Output every line of the material exactly, omitting images.
Top of Supplied entries
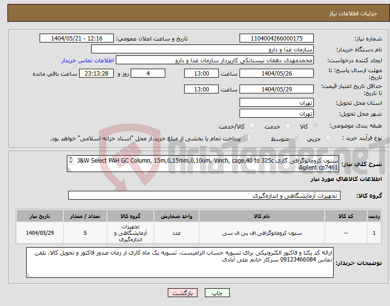 اقلام مصرفی آزمایشگاه مطابق لیست پیوست
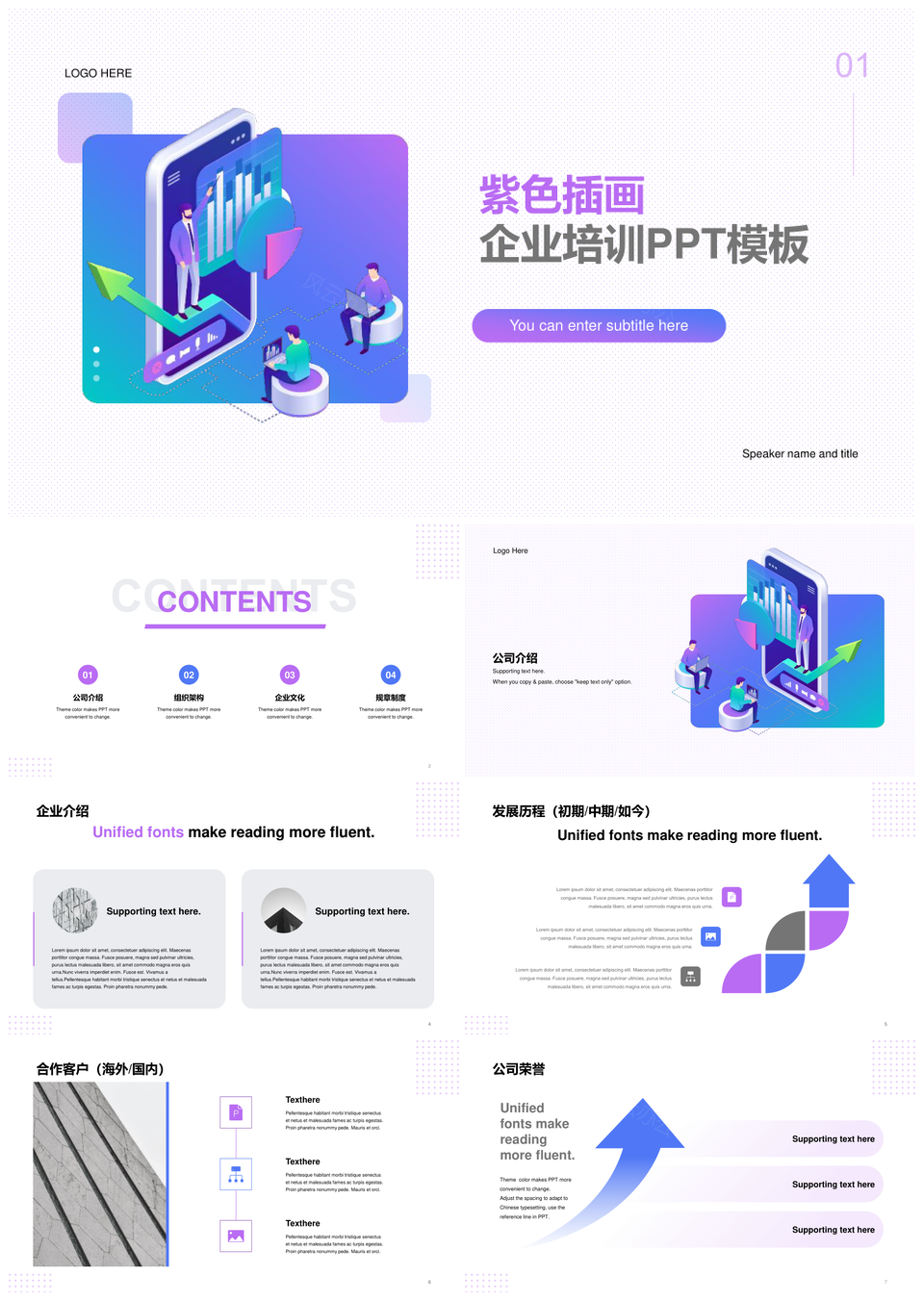 风云办公提供的紫色插画职场办公教育培训PPT模板,下载格式为pptx,一共21页,作品中文字及图均可以修改和编辑,图片更改请在作品中右键图片并更换,文字修改请直接点击文字进行修改。
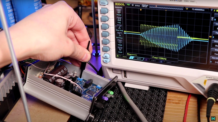 Переходим к настройке корректора фазы. Он нужен для того, чтобы компенсировать задержки и добиться мягкого переключения транзисторов в нуле тока. Иногда, диапазона регулировки резистора может не хватать, как это было у меня, тогда придётся подбирать дроссель. Фазовая автоподстройка частоты работает в широком диапазоне, это видно на примере нагрузки в виде стальной плиты.
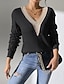 Mulheres Suéter Pulôver Roupa de rua Casual Bloco de cor Decote V Patchwork Tricotado Manga Longa Tops regulares Tricotar Diário Feriado Para Noite Preto Azul Escuro Outono Inverno
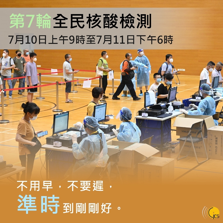 第7輪全民核酸檢測由7月10日上午9時至7月11日下午6時展開。不用早,不要遲,準時到剛剛好。
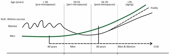 When viewed in this way, and as epidemiologic facts indicate, NLR values may be lower in women in the time around menopause, and in early post-menopause, when compared to both, premenopausal women and age-matched men, which makes this parameter unsuitable as a marker of increased CV risk in women. Distinctly from women, a gradual increase in NLR, in middle-aged men (40–60 years old), is likely to reflect the progression of subclinical atherosclerosis, and can therefore be used in CV risk stratification (Figure 2).
Bottom of Supplied entries
Response to this task:
 اقلام مصرفی آزمایشگاه مطابق لیست پیوست
 风云办公提供的紫色插画职场办公教育培训PPT模板,下载格式为pptx,一共21页,作品中文字及图均可以修改和编辑,图片更改请在作品中右键图片并更换,文字修改请直接点击文字进行修改。
 Переходим к настройке корректора фазы. Он нужен для того, чтобы компенсировать задержки и добиться мягкого переключения транзисторов в нуле тока. Иногда, диапазона регулировки резистора может не хватать, как это было у меня, тогда придётся подбирать дроссель. Фазовая автоподстройка частоты работает в широком диапазоне, это видно на примере нагрузки в виде стальной плиты.
 Mulheres Suéter Pulôver Roupa de rua Casual Bloco de cor Decote V Patchwork Tricotado Manga Longa Tops regulares Tricotar Diário Feriado Para Noite Preto Azul Escuro Outono Inverno
 第7輪全民核酸檢測由7月10日上午9時至7月11日下午6時展開。不用早,不要遲,準時到剛剛好。
 When viewed in this way, and as epidemiologic facts indicate, NLR values may be lower in women in the time around menopause, and in early post-menopause, when compared to both, premenopausal women and age-matched men, which makes this parameter unsuitable as a marker of increased CV risk in women. Distinctly from women, a gradual increase in NLR, in middle-aged men (40–60 years old), is likely to reflect the progression of subclinical atherosclerosis, and can therefore be used in CV risk stratification (Figure 2).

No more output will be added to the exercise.